### Supplied information
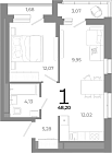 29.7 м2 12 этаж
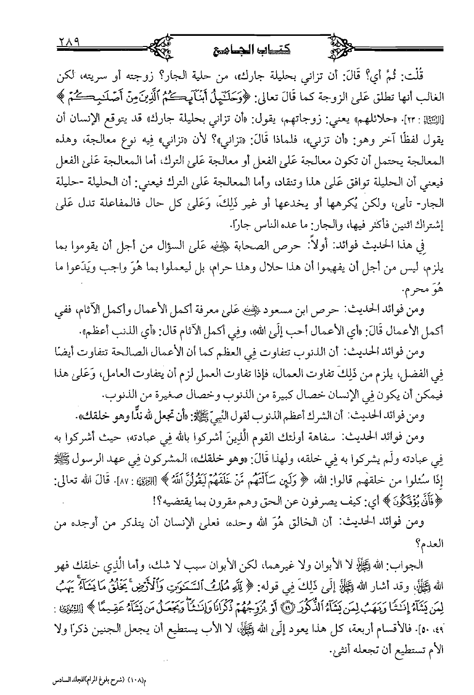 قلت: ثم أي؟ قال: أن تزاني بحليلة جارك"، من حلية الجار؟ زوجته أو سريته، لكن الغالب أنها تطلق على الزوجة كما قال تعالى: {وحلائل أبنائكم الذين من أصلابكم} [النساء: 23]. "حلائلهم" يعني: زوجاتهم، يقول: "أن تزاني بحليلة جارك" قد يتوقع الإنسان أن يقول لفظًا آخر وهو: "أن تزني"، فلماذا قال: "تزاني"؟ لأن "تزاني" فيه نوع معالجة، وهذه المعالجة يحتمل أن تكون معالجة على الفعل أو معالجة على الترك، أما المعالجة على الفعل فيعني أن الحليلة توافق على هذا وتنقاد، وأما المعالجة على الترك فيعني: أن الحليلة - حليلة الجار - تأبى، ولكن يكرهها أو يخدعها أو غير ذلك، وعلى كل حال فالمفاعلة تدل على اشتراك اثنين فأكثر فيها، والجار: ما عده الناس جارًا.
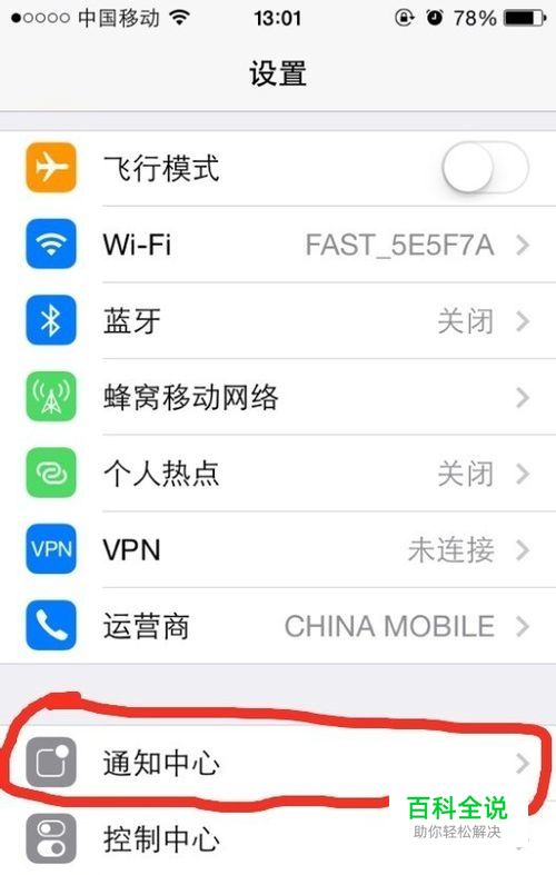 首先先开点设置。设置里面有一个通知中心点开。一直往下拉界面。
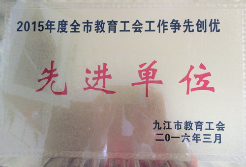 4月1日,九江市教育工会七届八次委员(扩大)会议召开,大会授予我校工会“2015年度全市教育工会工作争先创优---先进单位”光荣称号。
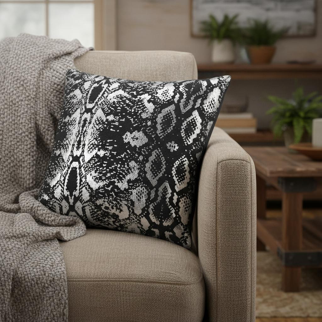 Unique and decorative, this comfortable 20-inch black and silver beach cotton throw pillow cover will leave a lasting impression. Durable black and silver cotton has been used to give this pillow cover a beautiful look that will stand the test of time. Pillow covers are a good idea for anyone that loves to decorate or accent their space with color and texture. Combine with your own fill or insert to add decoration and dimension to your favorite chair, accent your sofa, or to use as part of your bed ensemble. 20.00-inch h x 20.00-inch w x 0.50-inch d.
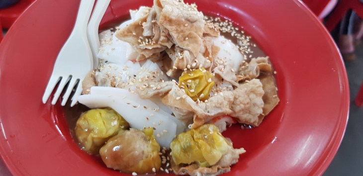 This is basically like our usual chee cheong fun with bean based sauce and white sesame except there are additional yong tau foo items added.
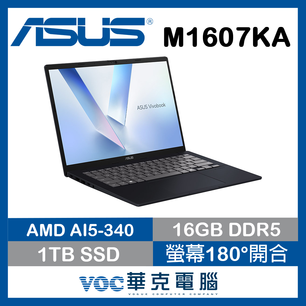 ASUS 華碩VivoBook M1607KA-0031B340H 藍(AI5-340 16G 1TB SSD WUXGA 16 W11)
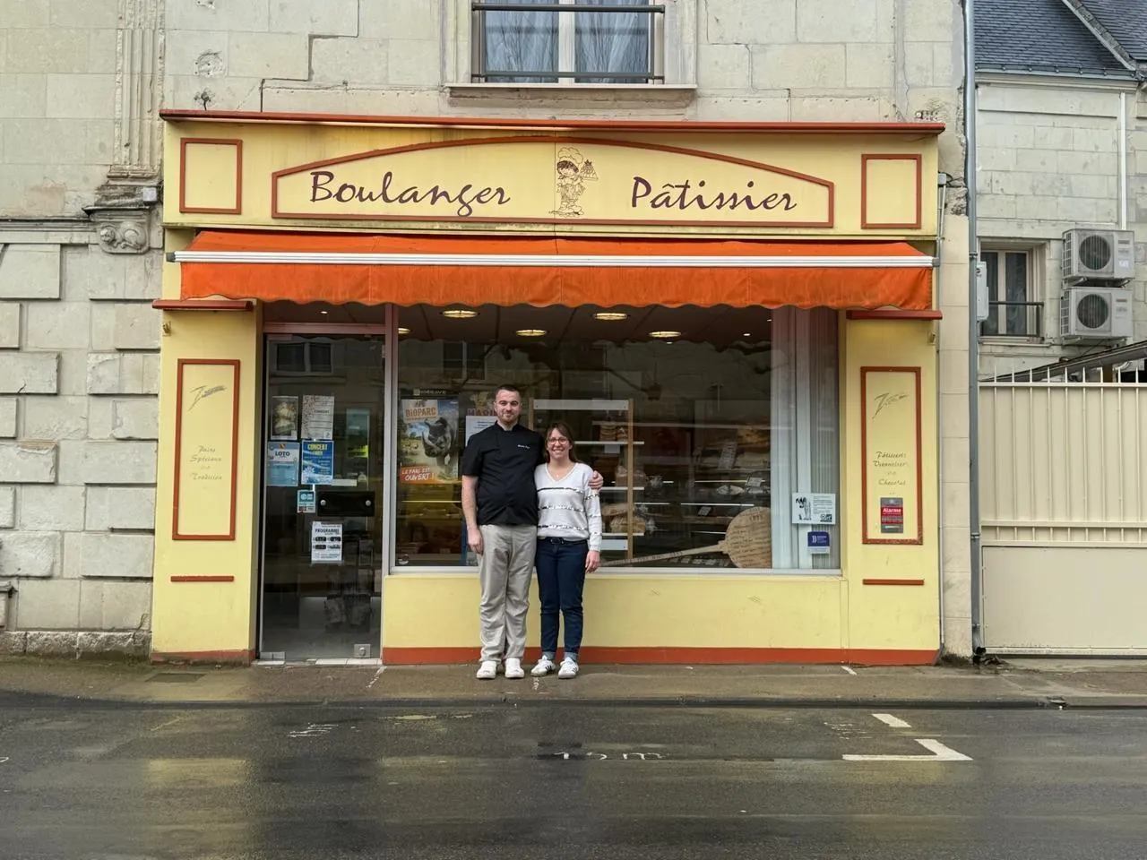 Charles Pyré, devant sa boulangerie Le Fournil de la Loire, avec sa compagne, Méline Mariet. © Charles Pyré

### Directions for this task
Leave the pictures out and reproduce all of the records exactly.

### Exercise output
 29.7 м2 12 этаж
 قلت: ثم أي؟ قال: أن تزاني بحليلة جارك"، من حلية الجار؟ زوجته أو سريته، لكن الغالب أنها تطلق على الزوجة كما قال تعالى: {وحلائل أبنائكم الذين من أصلابكم} [النساء: 23]. "حلائلهم" يعني: زوجاتهم، يقول: "أن تزاني بحليلة جارك" قد يتوقع الإنسان أن يقول لفظًا آخر وهو: "أن تزني"، فلماذا قال: "تزاني"؟ لأن "تزاني" فيه نوع معالجة، وهذه المعالجة يحتمل أن تكون معالجة على الفعل أو معالجة على الترك، أما المعالجة على الفعل فيعني أن الحليلة توافق على هذا وتنقاد، وأما المعالجة على الترك فيعني: أن الحليلة - حليلة الجار - تأبى، ولكن يكرهها أو يخدعها أو غير ذلك، وعلى كل حال فالمفاعلة تدل على اشتراك اثنين فأكثر فيها، والجار: ما عده الناس جارًا.
 首先先开点设置。设置里面有一个通知中心点开。一直往下拉界面。
 4月1日,九江市教育工会七届八次委员(扩大)会议召开,大会授予我校工会“2015年度全市教育工会工作争先创优---先进单位”光荣称号。
 Unique and decorative, this comfortable 20-inch black and silver beach cotton throw pillow cover will leave a lasting impression. Durable black and silver cotton has been used to give this pillow cover a beautiful look that will stand the test of time. Pillow covers are a good idea for anyone that loves to decorate or accent their space with color and texture. Combine with your own fill or insert to add decoration and dimension to your favorite chair, accent your sofa, or to use as part of your bed ensemble. 20.00-inch h x 20.00-inch w x 0.50-inch d.
 This is basically like our usual chee cheong fun with bean based sauce and white sesame except there are additional yong tau foo items added.
 ASUS 華碩VivoBook M1607KA-0031B340H 藍(AI5-340 16G 1TB SSD WUXGA 16 W11)
 Charles Pyré, devant sa boulangerie Le Fournil de la Loire, avec sa compagne, Méline Mariet. © Charles Pyré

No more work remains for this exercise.